Your task
Repeat all of the data below word for word, keeping no images.

# # #

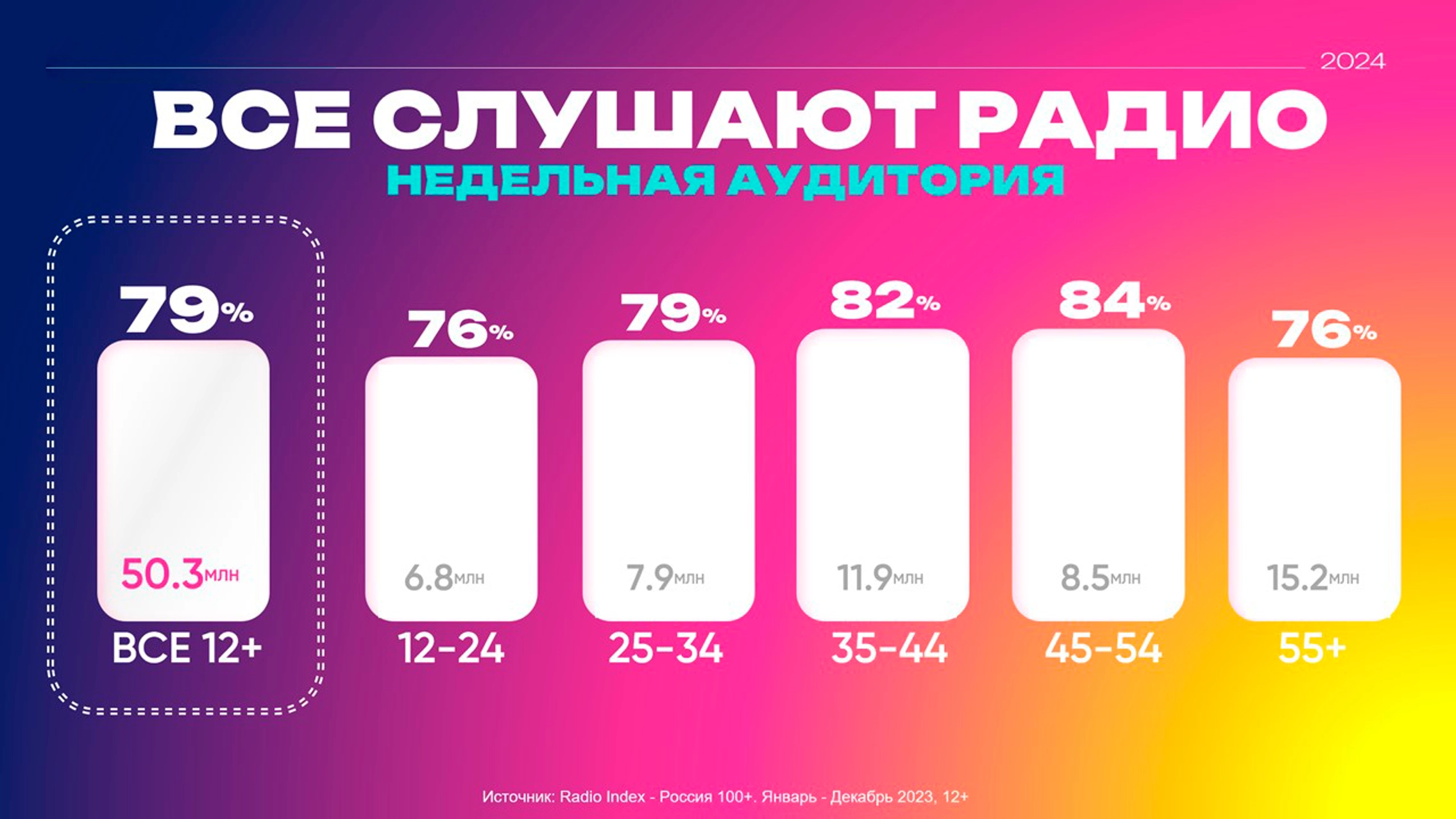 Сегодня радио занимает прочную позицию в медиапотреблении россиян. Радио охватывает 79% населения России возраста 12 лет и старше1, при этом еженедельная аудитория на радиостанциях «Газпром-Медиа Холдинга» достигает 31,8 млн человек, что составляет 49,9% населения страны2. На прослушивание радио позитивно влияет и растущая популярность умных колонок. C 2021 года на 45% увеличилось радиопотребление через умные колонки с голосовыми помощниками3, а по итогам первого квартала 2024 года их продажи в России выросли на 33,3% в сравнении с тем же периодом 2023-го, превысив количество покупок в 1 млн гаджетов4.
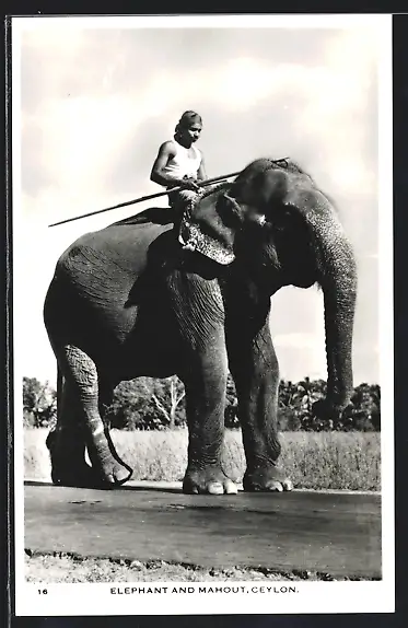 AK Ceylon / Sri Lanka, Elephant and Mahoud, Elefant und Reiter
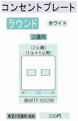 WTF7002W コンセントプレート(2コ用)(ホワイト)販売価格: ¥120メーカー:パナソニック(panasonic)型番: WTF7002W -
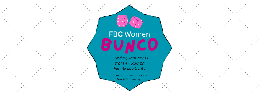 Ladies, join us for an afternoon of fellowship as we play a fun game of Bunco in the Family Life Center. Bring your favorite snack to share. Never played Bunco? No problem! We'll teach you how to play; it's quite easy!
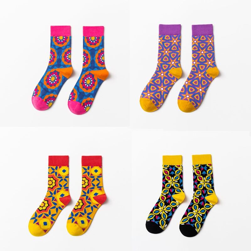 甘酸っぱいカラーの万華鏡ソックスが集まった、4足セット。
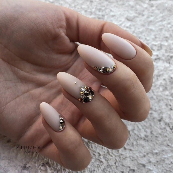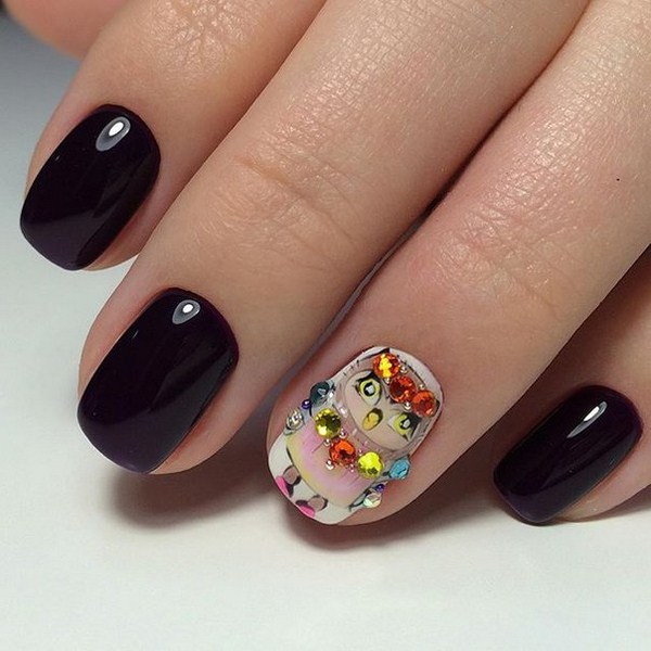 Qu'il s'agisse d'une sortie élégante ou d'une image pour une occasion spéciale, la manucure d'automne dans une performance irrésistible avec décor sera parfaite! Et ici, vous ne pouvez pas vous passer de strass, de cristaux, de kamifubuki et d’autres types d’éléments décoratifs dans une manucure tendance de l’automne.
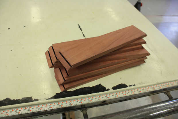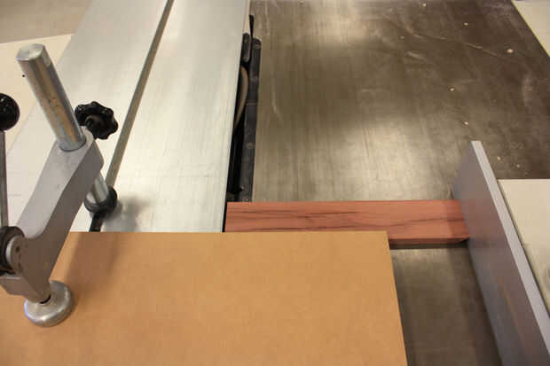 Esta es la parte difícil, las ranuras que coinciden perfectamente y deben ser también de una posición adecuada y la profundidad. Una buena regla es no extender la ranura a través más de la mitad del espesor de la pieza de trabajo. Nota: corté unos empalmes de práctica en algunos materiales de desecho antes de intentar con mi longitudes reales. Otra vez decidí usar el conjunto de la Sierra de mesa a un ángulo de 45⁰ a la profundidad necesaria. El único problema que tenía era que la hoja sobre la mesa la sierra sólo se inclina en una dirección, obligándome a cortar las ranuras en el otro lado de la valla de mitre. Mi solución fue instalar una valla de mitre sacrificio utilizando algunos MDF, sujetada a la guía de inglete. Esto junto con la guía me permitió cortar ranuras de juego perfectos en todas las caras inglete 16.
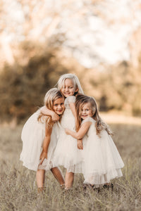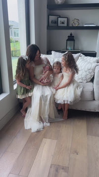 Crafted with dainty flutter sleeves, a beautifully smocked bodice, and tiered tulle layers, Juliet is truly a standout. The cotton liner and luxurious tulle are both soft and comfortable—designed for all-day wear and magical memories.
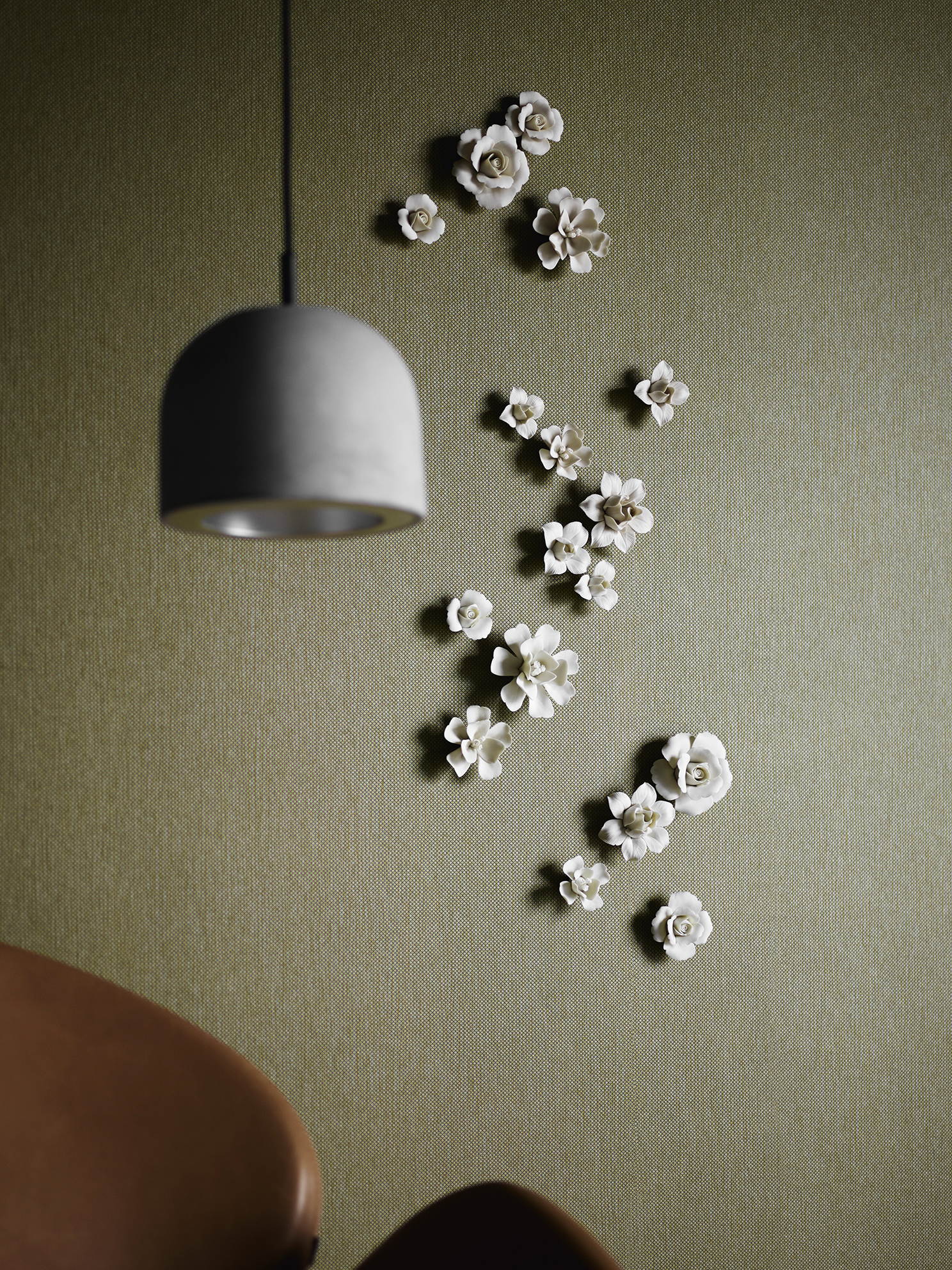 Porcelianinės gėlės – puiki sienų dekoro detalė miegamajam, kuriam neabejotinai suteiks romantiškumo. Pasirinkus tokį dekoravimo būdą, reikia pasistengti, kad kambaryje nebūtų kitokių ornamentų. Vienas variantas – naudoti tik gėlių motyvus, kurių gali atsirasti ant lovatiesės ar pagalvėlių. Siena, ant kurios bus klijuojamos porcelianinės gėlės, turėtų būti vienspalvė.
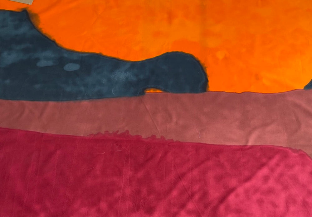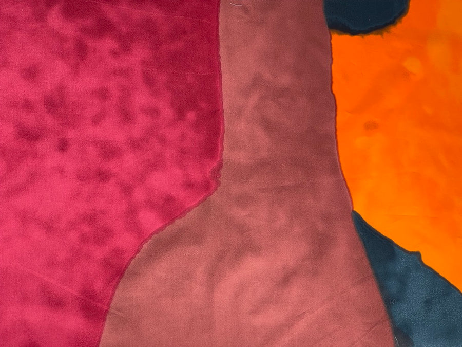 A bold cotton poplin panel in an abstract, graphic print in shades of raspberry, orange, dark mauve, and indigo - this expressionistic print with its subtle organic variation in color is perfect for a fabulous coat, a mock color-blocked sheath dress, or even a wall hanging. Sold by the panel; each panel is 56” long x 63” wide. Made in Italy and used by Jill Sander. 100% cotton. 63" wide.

# # #

Expected answer
 Сегодня радио занимает прочную позицию в медиапотреблении россиян. Радио охватывает 79% населения России возраста 12 лет и старше1, при этом еженедельная аудитория на радиостанциях «Газпром-Медиа Холдинга» достигает 31,8 млн человек, что составляет 49,9% населения страны2. На прослушивание радио позитивно влияет и растущая популярность умных колонок. C 2021 года на 45% увеличилось радиопотребление через умные колонки с голосовыми помощниками3, а по итогам первого квартала 2024 года их продажи в России выросли на 33,3% в сравнении с тем же периодом 2023-го, превысив количество покупок в 1 млн гаджетов4.
 AK Ceylon / Sri Lanka, Elephant and Mahoud, Elefant und Reiter
 WTF7002W コンセントプレート(2コ用)(ホワイト)販売価格: ¥120メーカー:パナソニック(panasonic)型番: WTF7002W -
 Ladies, join us for an afternoon of fellowship as we play a fun game of Bunco in the Family Life Center. Bring your favorite snack to share. Never played Bunco? No problem! We'll teach you how to play; it's quite easy!
 甘酸っぱいカラーの万華鏡ソックスが集まった、4足セット。
 Qu'il s'agisse d'une sortie élégante ou d'une image pour une occasion spéciale, la manucure d'automne dans une performance irrésistible avec décor sera parfaite! Et ici, vous ne pouvez pas vous passer de strass, de cristaux, de kamifubuki et d’autres types d’éléments décoratifs dans une manucure tendance de l’automne.
 Esta es la parte difícil, las ranuras que coinciden perfectamente y deben ser también de una posición adecuada y la profundidad. Una buena regla es no extender la ranura a través más de la mitad del espesor de la pieza de trabajo. Nota: corté unos empalmes de práctica en algunos materiales de desecho antes de intentar con mi longitudes reales. Otra vez decidí usar el conjunto de la Sierra de mesa a un ángulo de 45⁰ a la profundidad necesaria. El único problema que tenía era que la hoja sobre la mesa la sierra sólo se inclina en una dirección, obligándome a cortar las ranuras en el otro lado de la valla de mitre. Mi solución fue instalar una valla de mitre sacrificio utilizando algunos MDF, sujetada a la guía de inglete. Esto junto con la guía me permitió cortar ranuras de juego perfectos en todas las caras inglete 16.
 Crafted with dainty flutter sleeves, a beautifully smocked bodice, and tiered tulle layers, Juliet is truly a standout. The cotton liner and luxurious tulle are both soft and comfortable—designed for all-day wear and magical memories.
 Porcelianinės gėlės – puiki sienų dekoro detalė miegamajam, kuriam neabejotinai suteiks romantiškumo. Pasirinkus tokį dekoravimo būdą, reikia pasistengti, kad kambaryje nebūtų kitokių ornamentų. Vienas variantas – naudoti tik gėlių motyvus, kurių gali atsirasti ant lovatiesės ar pagalvėlių. Siena, ant kurios bus klijuojamos porcelianinės gėlės, turėtų būti vienspalvė.
 A bold cotton poplin panel in an abstract, graphic print in shades of raspberry, orange, dark mauve, and indigo - this expressionistic print with its subtle organic variation in color is perfect for a fabulous coat, a mock color-blocked sheath dress, or even a wall hanging. Sold by the panel; each panel is 56” long x 63” wide. Made in Italy and used by Jill Sander. 100% cotton. 63" wide.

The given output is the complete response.